## ASSIGNED TASK
Exactly the lines from the line with "Vintage Crazy Horse" through the final line of the records below, both ends included, are to be set down. Do not include pictures.

----------

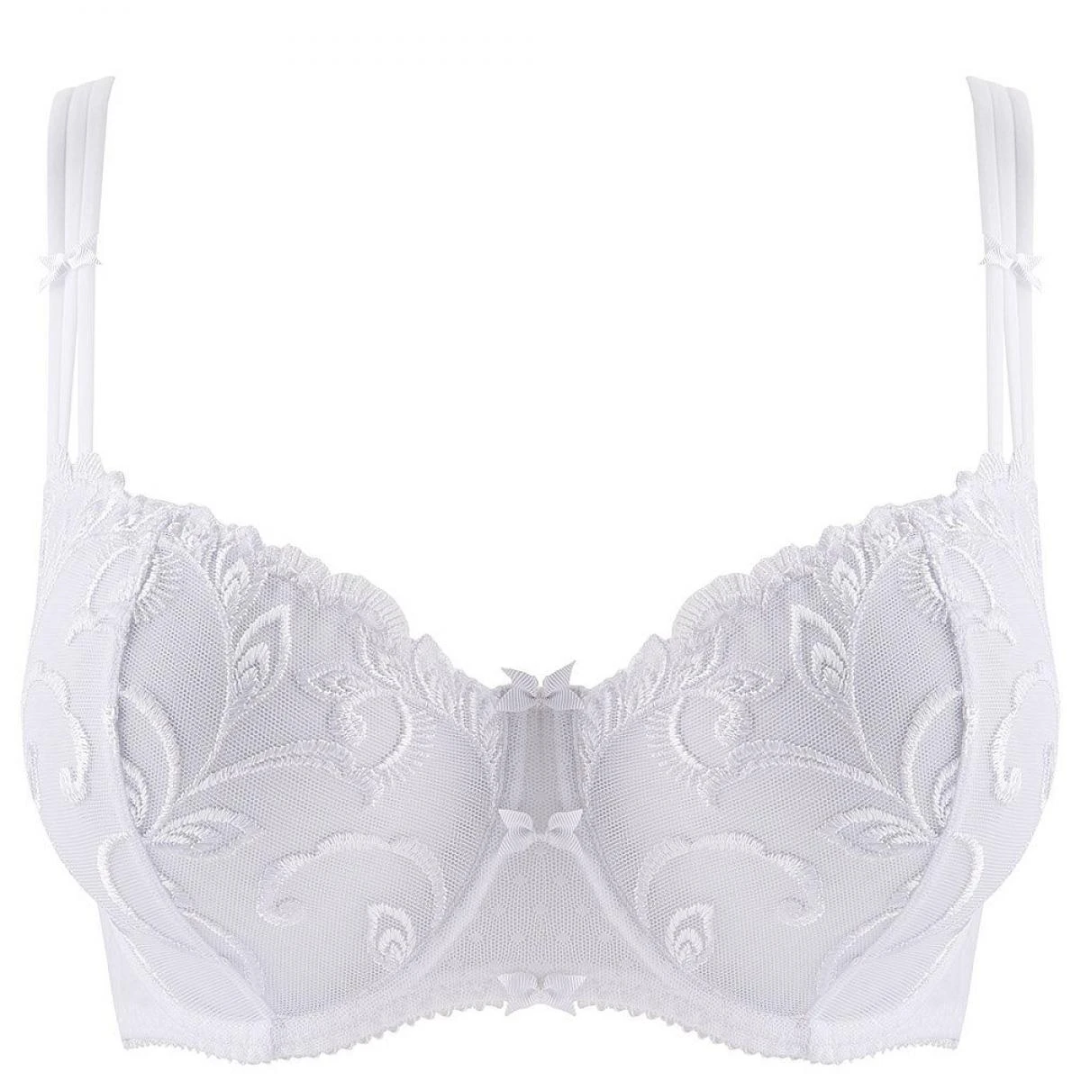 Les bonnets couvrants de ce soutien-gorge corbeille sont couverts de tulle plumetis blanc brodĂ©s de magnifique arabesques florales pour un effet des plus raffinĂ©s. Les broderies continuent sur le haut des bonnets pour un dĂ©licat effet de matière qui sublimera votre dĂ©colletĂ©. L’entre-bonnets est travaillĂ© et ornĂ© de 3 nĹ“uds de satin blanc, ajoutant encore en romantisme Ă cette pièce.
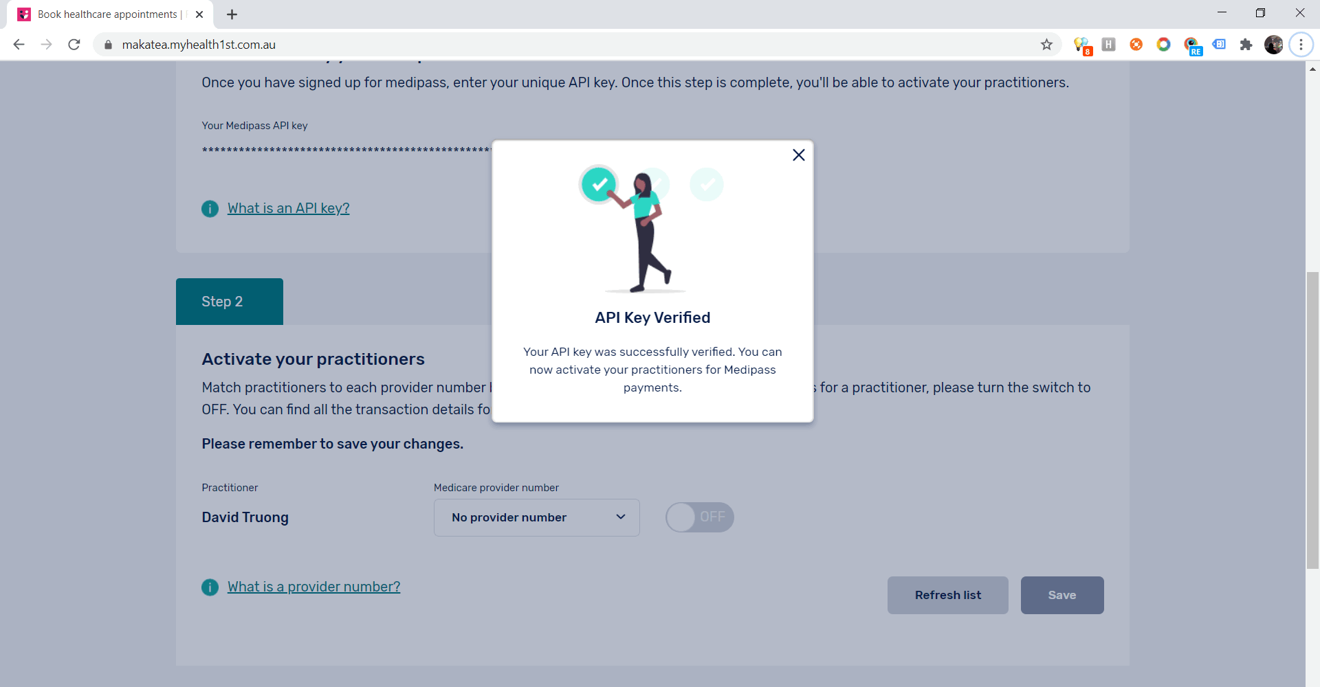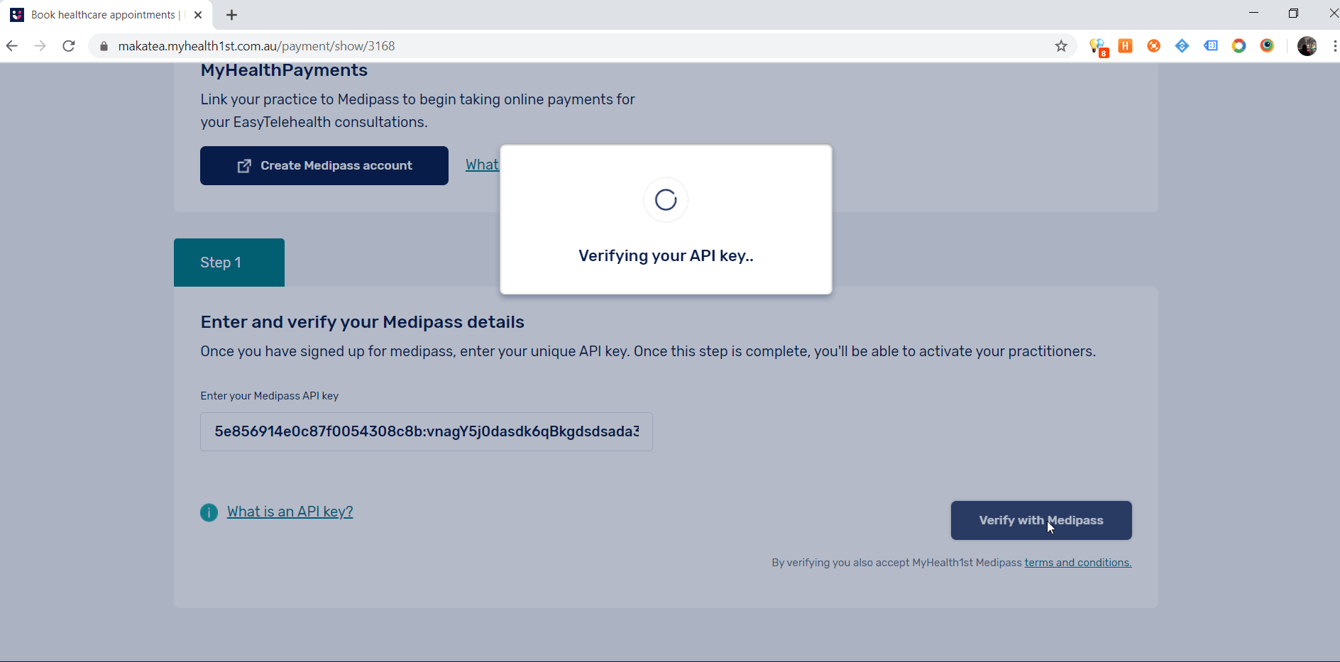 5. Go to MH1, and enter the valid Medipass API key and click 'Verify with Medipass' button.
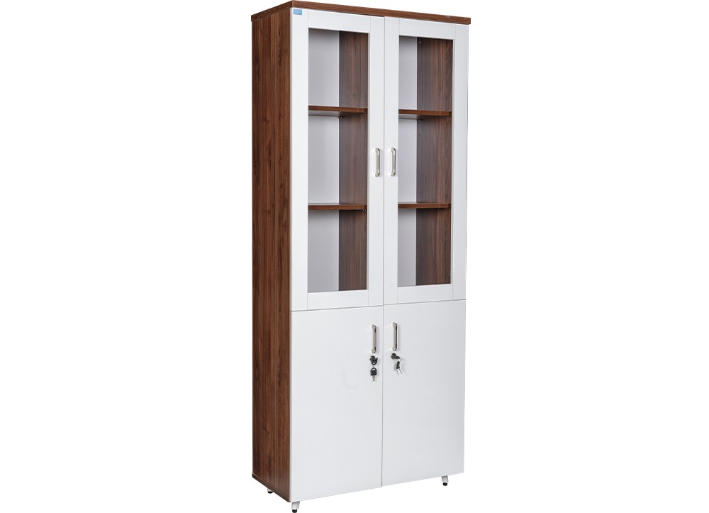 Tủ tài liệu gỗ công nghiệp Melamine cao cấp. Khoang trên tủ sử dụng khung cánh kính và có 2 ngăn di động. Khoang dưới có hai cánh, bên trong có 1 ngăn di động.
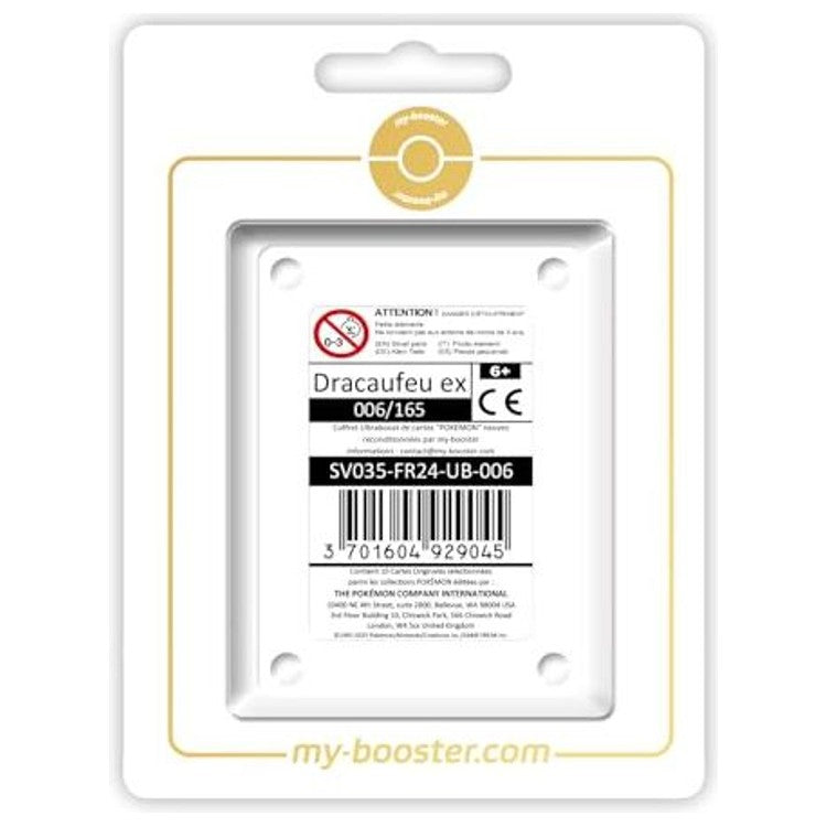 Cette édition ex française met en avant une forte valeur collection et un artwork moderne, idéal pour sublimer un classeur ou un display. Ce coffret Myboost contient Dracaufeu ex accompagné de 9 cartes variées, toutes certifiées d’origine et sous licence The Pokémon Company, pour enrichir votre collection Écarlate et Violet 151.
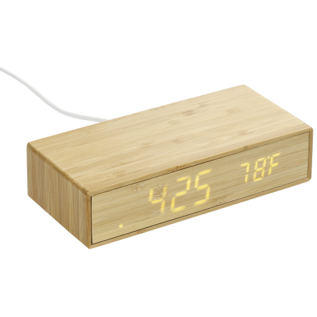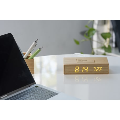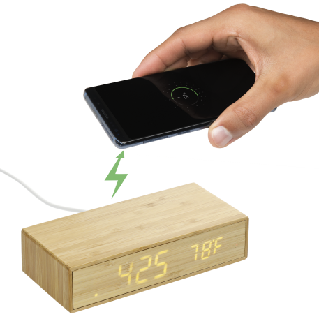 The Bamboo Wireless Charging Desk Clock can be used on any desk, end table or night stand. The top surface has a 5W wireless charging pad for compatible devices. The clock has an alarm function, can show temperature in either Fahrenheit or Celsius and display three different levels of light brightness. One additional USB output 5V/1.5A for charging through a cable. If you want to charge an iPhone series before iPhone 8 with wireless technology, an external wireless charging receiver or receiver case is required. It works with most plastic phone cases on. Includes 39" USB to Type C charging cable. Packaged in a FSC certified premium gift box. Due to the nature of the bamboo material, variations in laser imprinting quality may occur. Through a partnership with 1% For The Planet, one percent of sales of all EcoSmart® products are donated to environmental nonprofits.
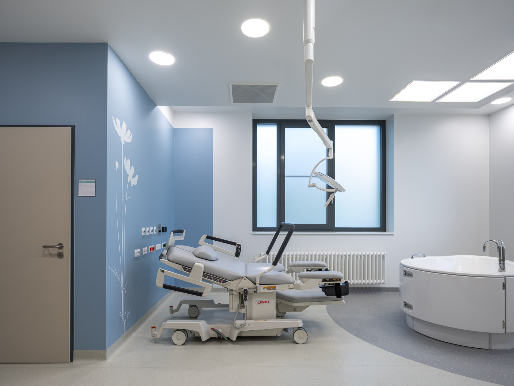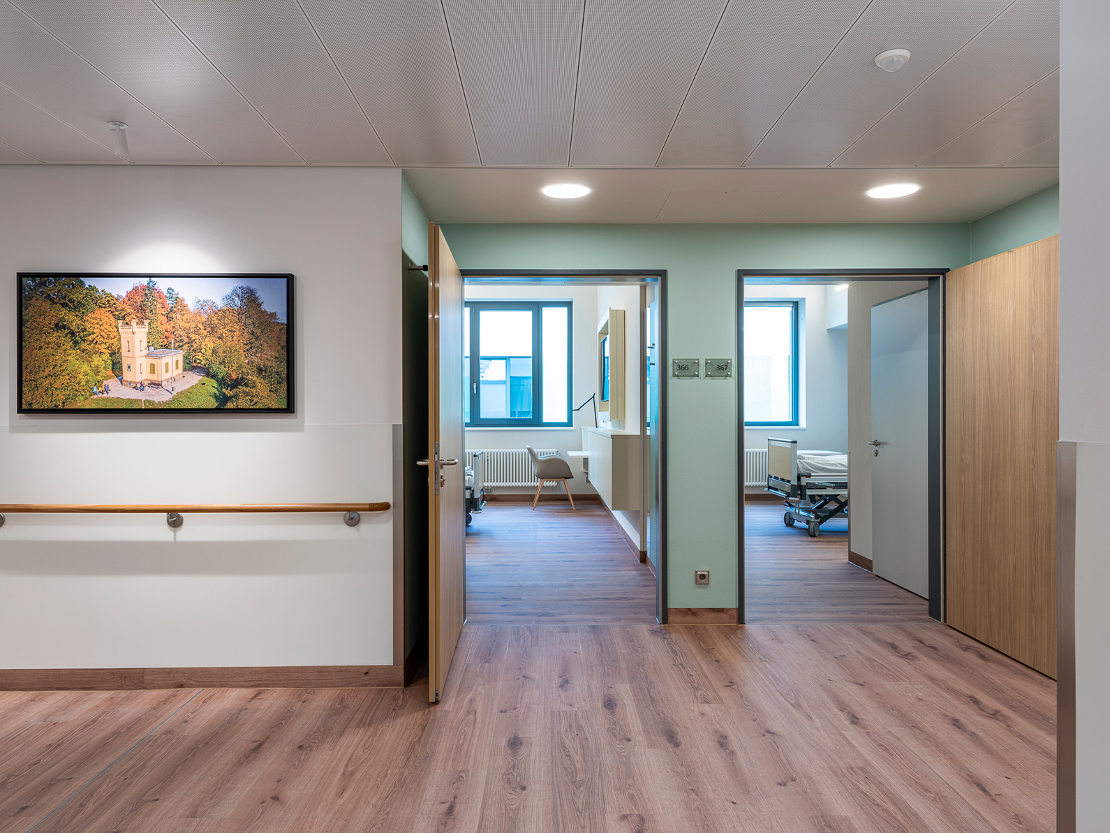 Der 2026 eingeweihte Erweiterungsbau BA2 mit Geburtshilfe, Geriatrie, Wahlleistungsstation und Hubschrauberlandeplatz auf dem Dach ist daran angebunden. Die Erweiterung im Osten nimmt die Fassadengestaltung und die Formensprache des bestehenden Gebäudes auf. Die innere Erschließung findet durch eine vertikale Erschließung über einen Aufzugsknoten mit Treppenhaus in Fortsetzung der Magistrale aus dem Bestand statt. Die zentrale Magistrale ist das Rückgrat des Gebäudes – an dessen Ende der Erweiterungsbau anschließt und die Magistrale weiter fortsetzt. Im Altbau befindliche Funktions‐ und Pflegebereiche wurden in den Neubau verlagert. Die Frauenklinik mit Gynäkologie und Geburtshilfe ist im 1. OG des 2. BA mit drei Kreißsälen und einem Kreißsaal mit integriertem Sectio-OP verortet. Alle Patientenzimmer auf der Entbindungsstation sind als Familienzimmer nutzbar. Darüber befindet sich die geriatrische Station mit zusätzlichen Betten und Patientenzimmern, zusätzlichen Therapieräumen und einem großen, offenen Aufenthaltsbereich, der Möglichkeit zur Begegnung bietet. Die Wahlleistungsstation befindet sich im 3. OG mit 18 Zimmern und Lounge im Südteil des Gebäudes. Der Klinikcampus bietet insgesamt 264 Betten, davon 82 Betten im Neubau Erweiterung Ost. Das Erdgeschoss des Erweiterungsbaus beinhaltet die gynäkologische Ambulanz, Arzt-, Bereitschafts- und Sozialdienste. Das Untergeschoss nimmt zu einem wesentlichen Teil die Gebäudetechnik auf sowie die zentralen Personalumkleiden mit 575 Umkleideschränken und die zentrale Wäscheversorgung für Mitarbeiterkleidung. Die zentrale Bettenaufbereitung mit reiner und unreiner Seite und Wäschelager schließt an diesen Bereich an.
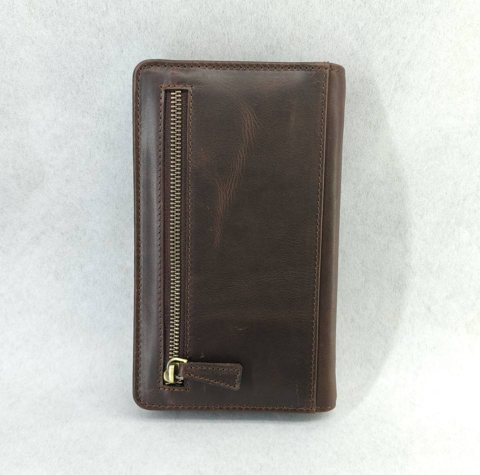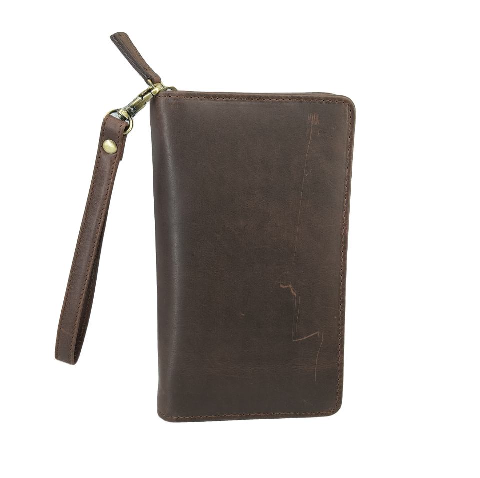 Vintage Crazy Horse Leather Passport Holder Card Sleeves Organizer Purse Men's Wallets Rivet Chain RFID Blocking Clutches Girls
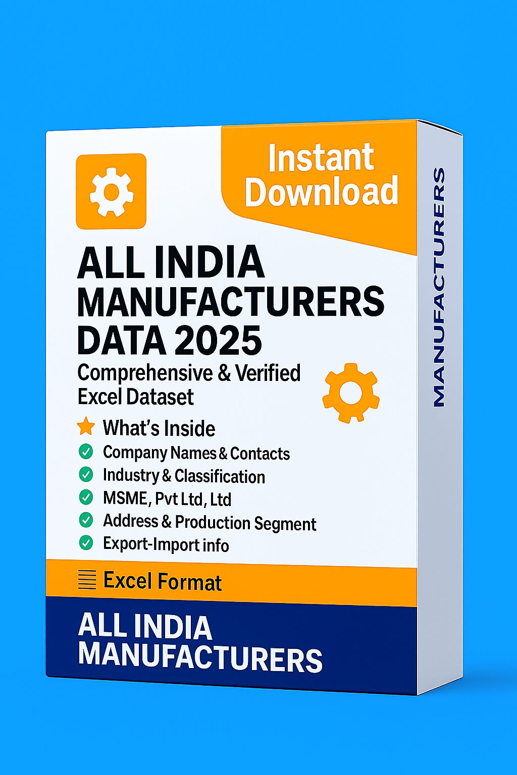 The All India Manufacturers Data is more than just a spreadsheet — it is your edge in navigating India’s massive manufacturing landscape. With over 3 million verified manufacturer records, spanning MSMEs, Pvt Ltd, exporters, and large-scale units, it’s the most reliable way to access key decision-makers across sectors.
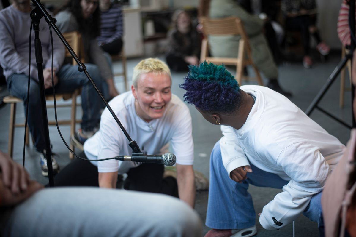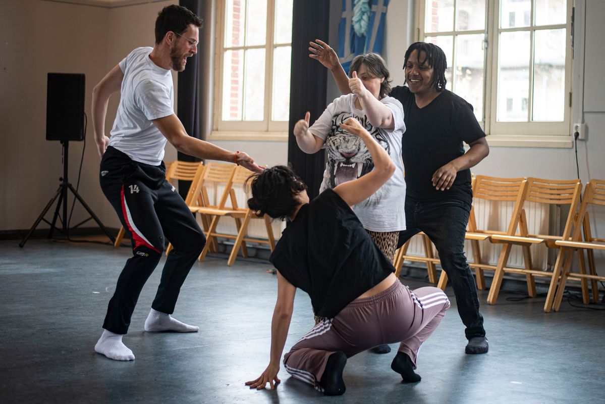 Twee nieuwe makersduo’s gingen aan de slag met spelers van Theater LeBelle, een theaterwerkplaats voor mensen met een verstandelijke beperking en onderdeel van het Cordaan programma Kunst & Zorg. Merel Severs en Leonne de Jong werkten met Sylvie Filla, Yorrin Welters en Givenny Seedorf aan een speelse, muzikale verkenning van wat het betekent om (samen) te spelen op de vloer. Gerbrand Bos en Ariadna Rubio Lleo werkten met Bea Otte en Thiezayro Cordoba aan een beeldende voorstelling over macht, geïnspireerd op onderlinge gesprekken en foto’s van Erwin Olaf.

----------

## EXERCISE OUTPUT
 Vintage Crazy Horse Leather Passport Holder Card Sleeves Organizer Purse Men's Wallets Rivet Chain RFID Blocking Clutches Girls
 The All India Manufacturers Data is more than just a spreadsheet — it is your edge in navigating India’s massive manufacturing landscape. With over 3 million verified manufacturer records, spanning MSMEs, Pvt Ltd, exporters, and large-scale units, it’s the most reliable way to access key decision-makers across sectors.
 Twee nieuwe makersduo’s gingen aan de slag met spelers van Theater LeBelle, een theaterwerkplaats voor mensen met een verstandelijke beperking en onderdeel van het Cordaan programma Kunst & Zorg. Merel Severs en Leonne de Jong werkten met Sylvie Filla, Yorrin Welters en Givenny Seedorf aan een speelse, muzikale verkenning van wat het betekent om (samen) te spelen op de vloer. Gerbrand Bos en Ariadna Rubio Lleo werkten met Bea Otte en Thiezayro Cordoba aan een beeldende voorstelling over macht, geïnspireerd op onderlinge gesprekken en foto’s van Erwin Olaf.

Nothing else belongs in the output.